Can we just keep in mind that we’re all trying to do our job. No company is 
perfect. No process is perfect. No technology solution is perfect. 

Peace!

- Paul

p.s. I don’t work for a CA and never have. And I believe there are many 
weaknesses that could can should be better addressed.



> On Oct 7, 2019, at 5:45 PM, Ryan Sleevi via dev-security-policy 
> <dev-security-policy@lists.mozilla.org> wrote:
> 
> On Mon, Oct 7, 2019 at 7:06 PM Jeremy Rowley <jeremy.row...@digicert.com>
> wrote:
> 
>> Interesting. I can't tell with the Netlock certificate, but the other
>> three non-EKU intermediates look like replacements for intermediates that
>> were issued before the policy date and then reissued after the compliance
>> date.  The industry has established that renewal and new issuance are
>> identical (source?), but we know some CAs treat these as different
>> instances.
> 
> 
> Source: Literally every time a CA tries to use it as an excuse? :)
> 
> My question is how we move past “CAs provide excuses”, and at what point
> the same excuses fall flat?
> 
> While that's not an excuse, I can see why a CA could have issues with a
>> renewal compared to new issuance as changing the profile may break the
>> underlying CA.
> 
> 
> That was Quovadis’s explanation, although with no detail to support that it
> would break something, simply that they don’t review the things they sign.
> Yes, I’m frustrated that CAs continue to struggle with anything that is not
> entirely supervised. What’s the point of trusting a CA then?
> 
> However, there's probably something better than "trust" vs. "distrust" or
>> "revoke" v "non-revoke", especially when it comes to an intermediate.  I
>> guess the question is what is the primary goal for Mozilla? Protect users?
>> Enforce compliance?  They are not mutually exclusive objectives of course,
>> but the primary drive may influence how to treat issuing CA non-compliance
>> vs. end-entity compliance.
> 
> 
> I think a minimum goal is to ensure the CAs they trust are competent and
> take their job seriously, fully aware of the risk they pose. I am more
> concerned about issues like this which CAs like QuoVadis acknowledges they
> would not cause.
> 
> The suggestion of a spectrum of responses fundamentally suggests root
> stores should eat the risk caused by CAs flagrant violations. I want to
> understand why browsers should continue to be left holding the bag, and why
> every effort at compliance seems to fall on how much the browsers push.
> 
> Of the four, only Quovadis has responded to the incident with real
>> information, and none of them have filed the required format or given
>> sufficient information. Is it too early to say what happens before there is
>> more information about what went wrong? Key ceremonies are, unfortunately,
>> very manual beasts. You can automate a lot of it with scripting tools, but
>> the process of taking a key out, performing a ceremony, and putting things
>> a way is not automated due to the off-line root and FIPS 140-3
>> requirements.
> 
> 
> Yes, I think it’s appropriate to defer discussing what should happen to
> these specific CAs.

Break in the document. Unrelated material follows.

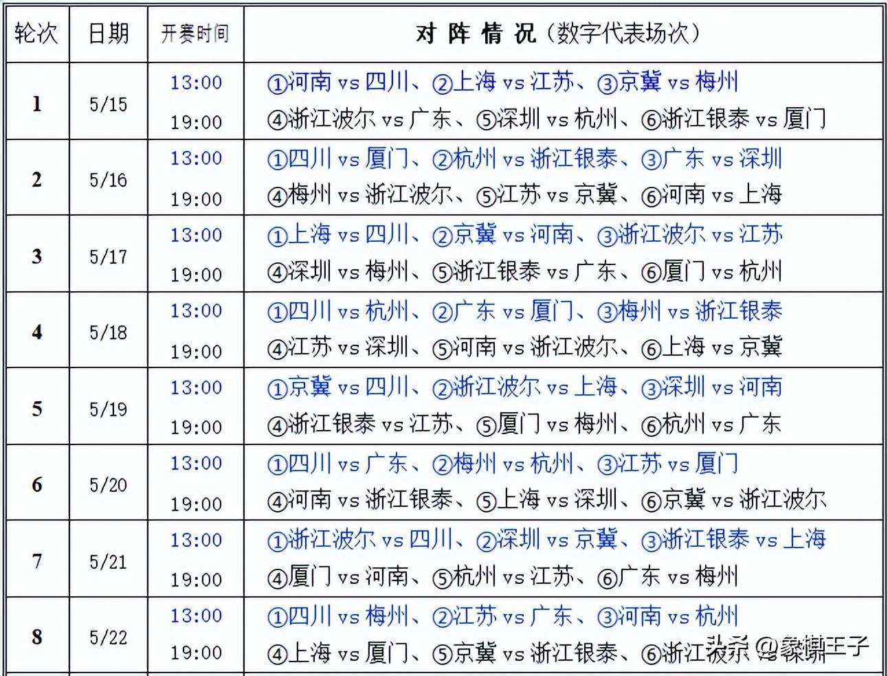 比賽日程每天下午一點、晚上七點各進行下午場和晚上場三戰,揭幕戰下午場河南對四川,上海VS江蘇,京冀-梅州,晚上場浙江波爾對廣東,深圳VS杭州,浙江-廈門。
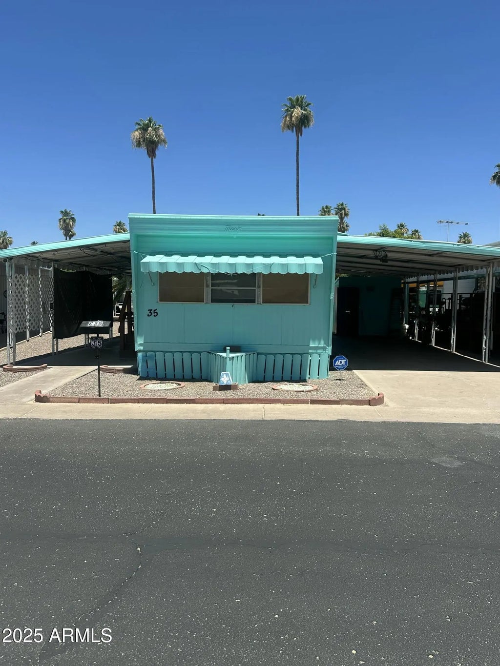 Windsor, a premier 55+ gated community in Mesa, AZ, where safety, fun, and connection come together. Enjoy peace of mind with 24/7 security and gated access, plus a vibrant social life with amenities like a clubhouse, pool, tennis courts, and fitness center, and laundry room on premises. Beautiful walking paths, events, and wellness programs foster an active, healthy lifestyle. This one bedroom/one bath unit has a covered patio AND covered carport. The fresh painted exterior gives it a fun vibe with a large backyard, too.

However, I don’t think it’s too early to begin to try
> and understand why it continues to be so easy to find massive amounts of
> misissuance, and why policies that are clearly communicated and require
> affirmative consent is something CAs are still messing up. It suggests
> trying to improve things by strengthening requirements isn’t helping as
> much as needed, and perhaps more consistent distrusting is a better
> solution.
> 
> In any event, having CAs share the challenges is how we do better.
> Understanding how the CAs not affected prevent these issues is equally
> important. We NEED CAs to be better here, so what’s the missing part about
> why it’s working for some and failing for others?
> 
> I know it seems extreme to suggest to start distrusting CAs over this, but
> every single time, it seems there’s a CA communication, affirmative
> consent, and then failure. The most recent failure to disclose CAs is
> equally disappointing and frustrating, and it’s not clear we have CAs
> adequately prepared to comply with 2.7, no matter how much we try.